Tip 1 – Be prepared for a remote work

The workforce of the future will include network groups within large organizations.

Denise Dampierre (DD): What does your team do and how does that relate to remote work?

Dominique Grelet (DG):  In a sense we are frontiersmen pioneering the Big Data expanse, leading the way for Atos in conquering client territories in Big Data, Data Analytics, and Artificial Intelligence.

Our mission is to succeed in the initial exploration and customer acquisition and then to transfer to local teams the product development and customer satisfaction expertise we created. Our reach is global. As such our team of 15 Big Data experts are located throughout Europe, the US, and even India.

The future of the workplace. That is at stake here.

Centers of Excellence, such as ours, beg questions around the massification of organizations, for Atos and for other organizations worldwide and across different sectors.    With size, companies build power, expertise, negotiating strength, and the ability to reduce costs.

At the same time, there is a limit to this massification.

  • How can we structure the large groups so that they are more nimble and able to deliver beyond results and margins?
  • How can we create organizations within these large groups where people have a sense of belonging?
  • How can we encourage bonding and closer interaction between people who work together?

The future of the workplace. That is at stake here.

Tip 2 – Connect the remote teams to the corporate purpose

DD:  How do you create a sense of belonging with a remote team?

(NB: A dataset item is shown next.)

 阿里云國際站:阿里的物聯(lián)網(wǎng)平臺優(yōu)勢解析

DG:   In these network organizations you realize that some people have been working together for years on the phone, but they have never met.

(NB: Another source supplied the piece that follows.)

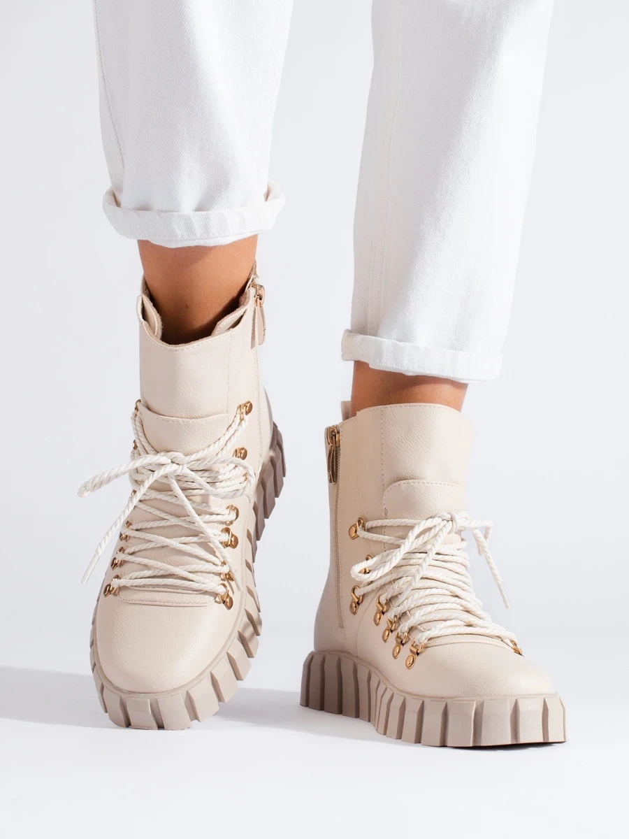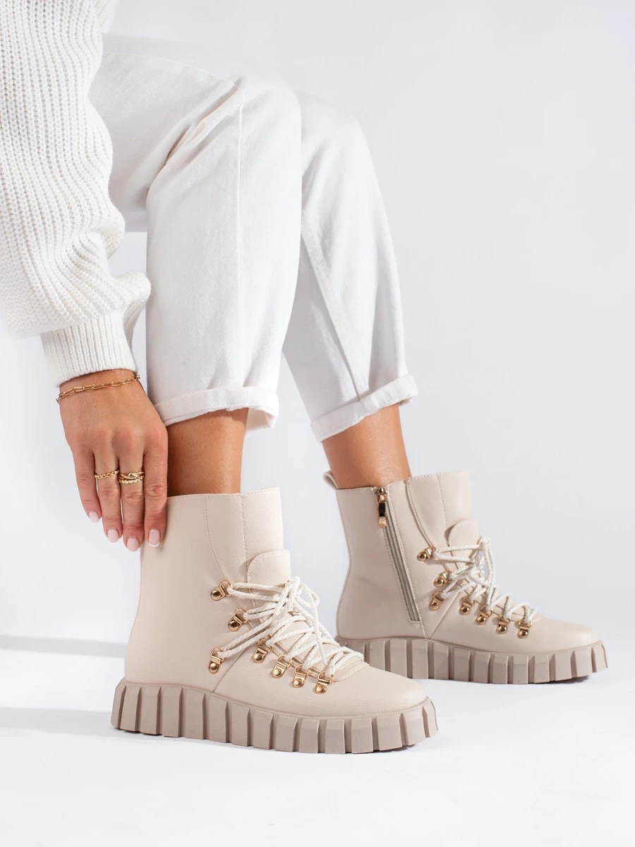Beige Cozy Platform Ankle Boots by Potocki

I create opportunities for us to know each other.  The team itself only meets together once a year for a two-day workshop to start the year off right.  Yet every month, I invite one or more of my team members to present their projects to my own hierarchy.   These guys are motivated by learning, growing, and being recognized as key contributors in the organization.  Sponsoring them within the company enables them to see themselves as part of something bigger and as contributors to the rest of the organization.

Tips 3 – Be purposeful in meeting regularly one-on-one

DD: How do you define “team”, especially when they are remote?

DG: Obviously there are different dimensions to a team including the common purpose (see above) and the person to whom you report and more.

Every week I connect one-on-one with each team member, either over the phone or in person.

When I managed local teams, we did not structure one-on-ones as intentionally.  We crossed each other in the hallways and found ways for a quick exchange.  With distance, we have the obligation to structure.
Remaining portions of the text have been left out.